Dr. Doug Hallenbeck, OSU vice president for student affairs and Stillwater Community United member, said he is happy to see the university closed in commemoration of the holiday and hopes students, faculty and staff will engage with the broader Stillwater community in celebration on Saturday.
“Juneteenth is a time of celebration and introspection,” Hallenbeck said. “I look forward to joining with the community in recognition of this important holiday and continuing to work to foster an inclusive, welcoming community, both on and off campus.” he said.
Travis Hartfield, OSU coordinator of African American affairs, said he is anticipating a thought-provoking event Saturday and is delighted that the Stillwater community is coming together to celebrate Juneteenth.

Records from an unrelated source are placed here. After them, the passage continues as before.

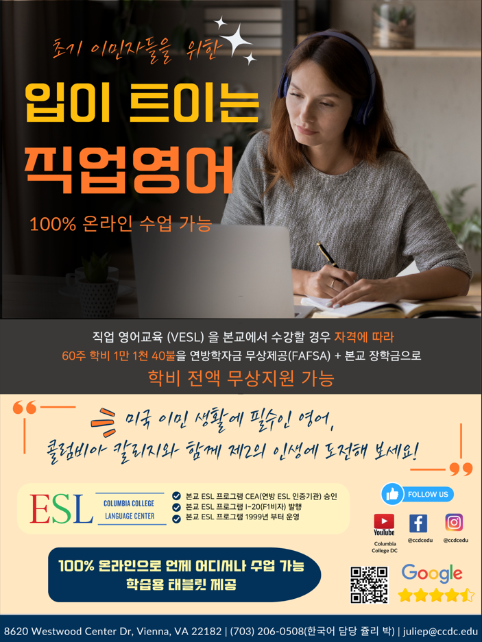 미연방 학자금 보조(FAFSA)받아서 온라인으로 취업 영어 배우세요. **이민자들을 위한 취업 영어 클래스**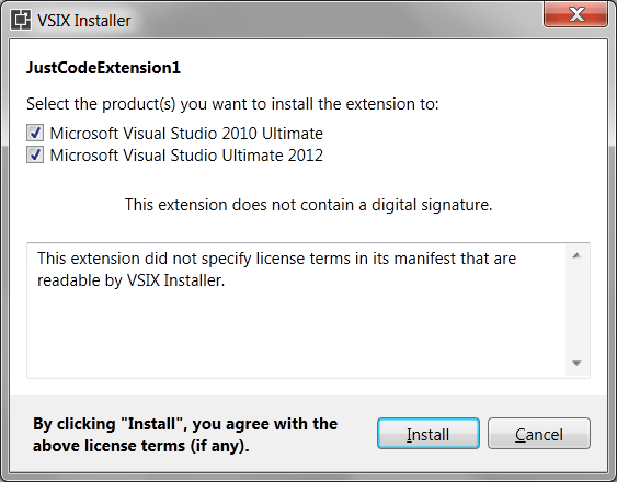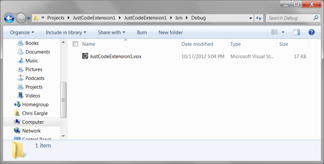 After you have created your custom features for JustCode, compile the solution. A VSIX package is created in the bin folder.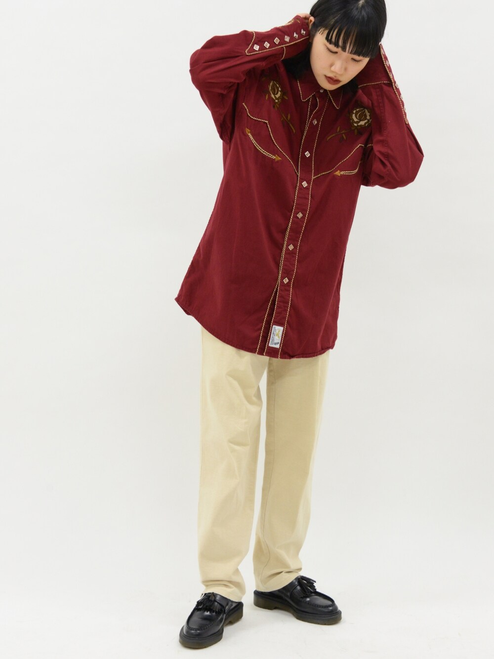【hitorie styling】 tops : vintage square snap button western shirt pants : design zip pocket straight pants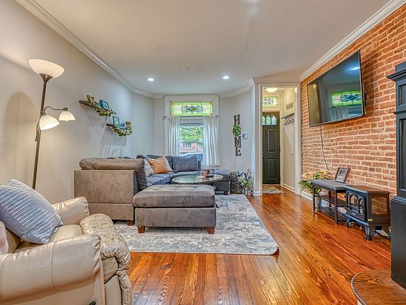 Tree-lined one-way streetWalk-in cedar closetHardwood floorsCrown moldingStainless steel appliancesExposed brick wallStained glass windows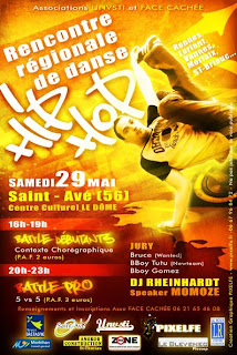 danse hip-hop, domiciliée à St Avé, "Face cachée". Animée par Stéphane Vorn elle organise des cours, des stages, des événements hip-hop. C'est elle qui, avec l'association UNVSTI organise au Dôme de St Avé, le samedi 29 mai, une rencontre régionale de danse hip-hop.Un groupe à suivre.

“We must celebrate moments in history like Juneteenth and look at them from different perspectives to become better aware, better educated and more equipped to ensure history doesn't repeat itself,” he said. "The struggles of pursuing freedom should not be topics that elicit fear. Awareness and effective education are essential tools in the ongoing pursuit of absolute equality.”
Juneteenth is the oldest nationally celebrated commemoration to the end of slavery in the United States dating back to June 19, 1865, when General Gordon Granger delivered news in Texas that the Civil War ended and the enslaved were now free. Texas was the last state to hear the news of the Emancipation Proclamation.
The end of slavery did not occur overnight in all states and territories until the ratification of the 13th Amendment to the United States Constitution on December 6, 1865.
The event will be moved to the Stillwater Community Center Lowry Activity Center on Duck St. and 9th if needed due to rainfall or inclement weather.